• **WORK TASK**:
Print out every line of the material exactly. Include no pictures.

• **TASK DATA**:
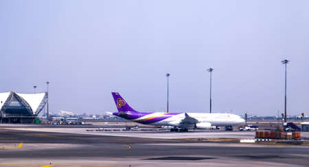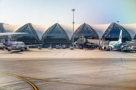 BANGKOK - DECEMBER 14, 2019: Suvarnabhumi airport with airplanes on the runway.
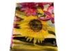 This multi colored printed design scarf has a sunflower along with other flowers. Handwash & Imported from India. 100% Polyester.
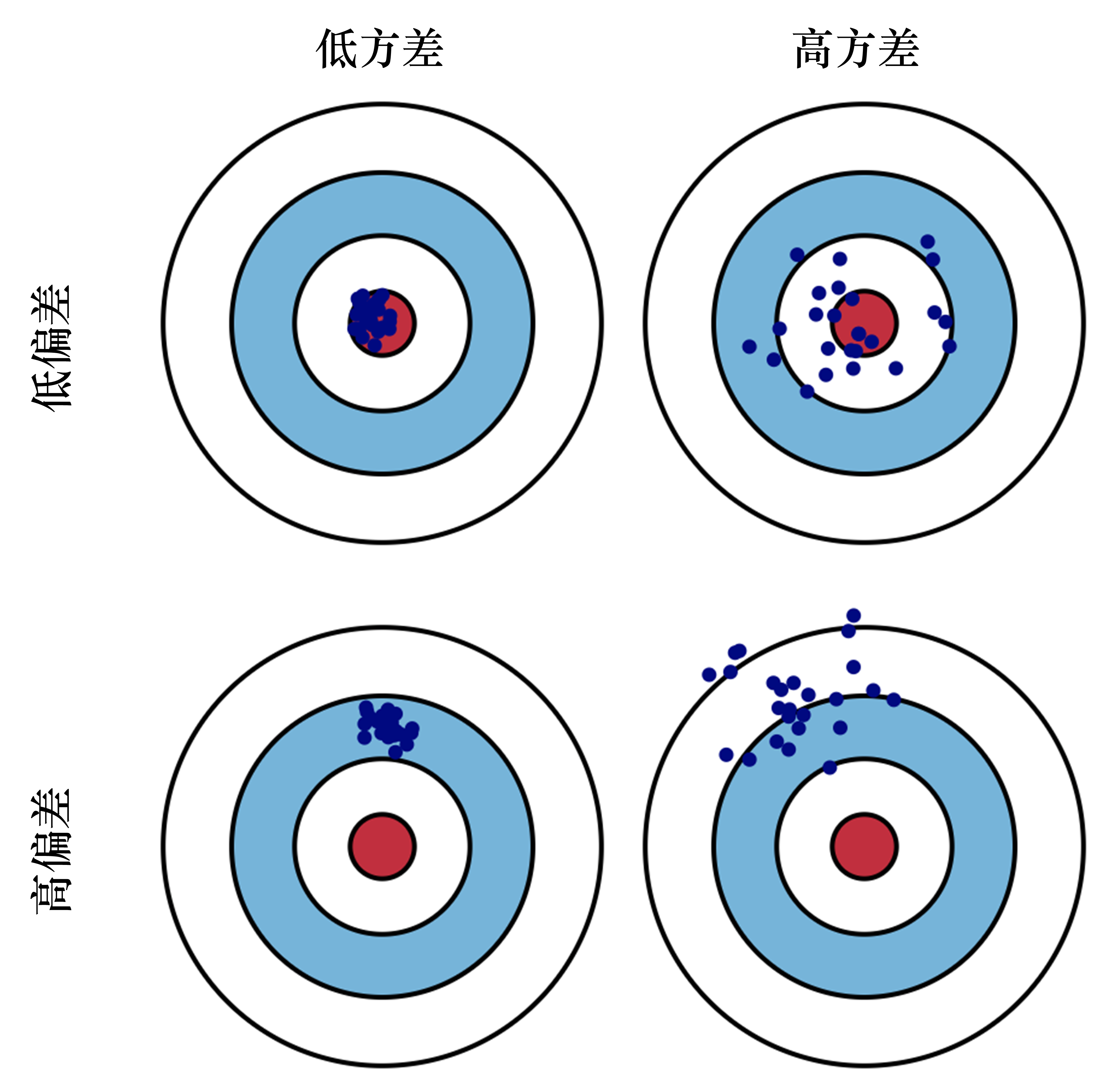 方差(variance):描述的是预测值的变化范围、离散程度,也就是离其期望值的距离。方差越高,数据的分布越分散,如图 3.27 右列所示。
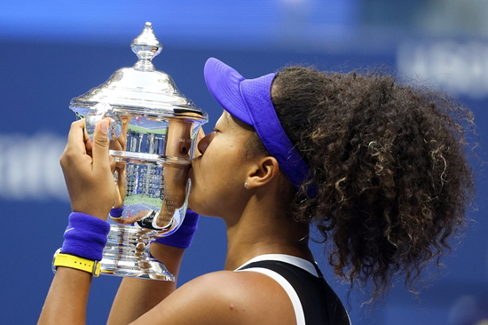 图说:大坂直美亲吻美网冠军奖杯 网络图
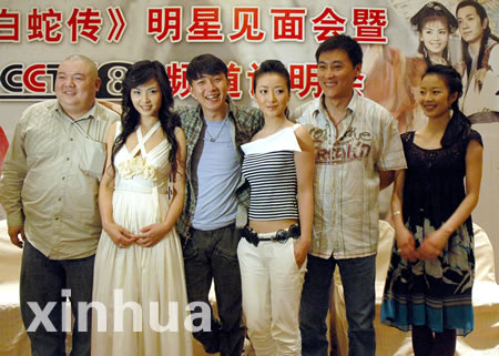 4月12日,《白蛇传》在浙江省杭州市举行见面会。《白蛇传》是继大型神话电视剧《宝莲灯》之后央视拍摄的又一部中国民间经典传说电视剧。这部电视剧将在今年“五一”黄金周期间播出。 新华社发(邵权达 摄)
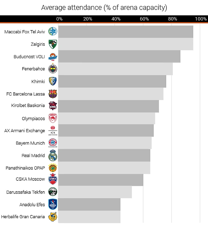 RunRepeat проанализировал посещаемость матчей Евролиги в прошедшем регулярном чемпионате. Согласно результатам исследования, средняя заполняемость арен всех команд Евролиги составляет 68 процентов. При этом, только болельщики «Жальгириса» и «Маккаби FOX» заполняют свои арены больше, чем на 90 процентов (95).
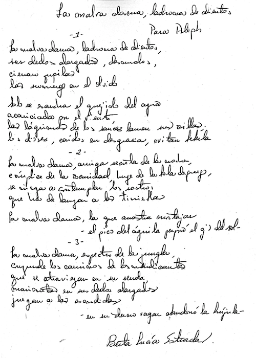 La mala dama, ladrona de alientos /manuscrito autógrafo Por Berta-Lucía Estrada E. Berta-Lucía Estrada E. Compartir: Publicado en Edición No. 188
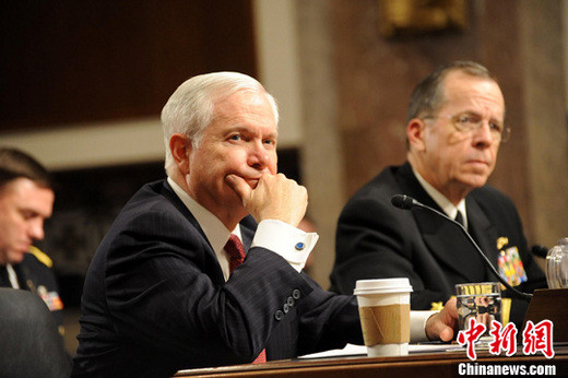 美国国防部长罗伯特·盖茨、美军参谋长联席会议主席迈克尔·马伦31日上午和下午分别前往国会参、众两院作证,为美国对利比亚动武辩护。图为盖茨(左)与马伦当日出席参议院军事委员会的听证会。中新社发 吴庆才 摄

• **REPLY**:
 BANGKOK - DECEMBER 14, 2019: Suvarnabhumi airport with airplanes on the runway.
 This multi colored printed design scarf has a sunflower along with other flowers. Handwash & Imported from India. 100% Polyester.
 方差(variance):描述的是预测值的变化范围、离散程度,也就是离其期望值的距离。方差越高,数据的分布越分散,如图 3.27 右列所示。
 图说:大坂直美亲吻美网冠军奖杯 网络图
 4月12日,《白蛇传》在浙江省杭州市举行见面会。《白蛇传》是继大型神话电视剧《宝莲灯》之后央视拍摄的又一部中国民间经典传说电视剧。这部电视剧将在今年“五一”黄金周期间播出。 新华社发(邵权达 摄)
 RunRepeat проанализировал посещаемость матчей Евролиги в прошедшем регулярном чемпионате. Согласно результатам исследования, средняя заполняемость арен всех команд Евролиги составляет 68 процентов. При этом, только болельщики «Жальгириса» и «Маккаби FOX» заполняют свои арены больше, чем на 90 процентов (95).
 La mala dama, ladrona de alientos /manuscrito autógrafo Por Berta-Lucía Estrada E. Berta-Lucía Estrada E. Compartir: Publicado en Edición No. 188
 美国国防部长罗伯特·盖茨、美军参谋长联席会议主席迈克尔·马伦31日上午和下午分别前往国会参、众两院作证,为美国对利比亚动武辩护。图为盖茨(左)与马伦当日出席参议院军事委员会的听证会。中新社发 吴庆才 摄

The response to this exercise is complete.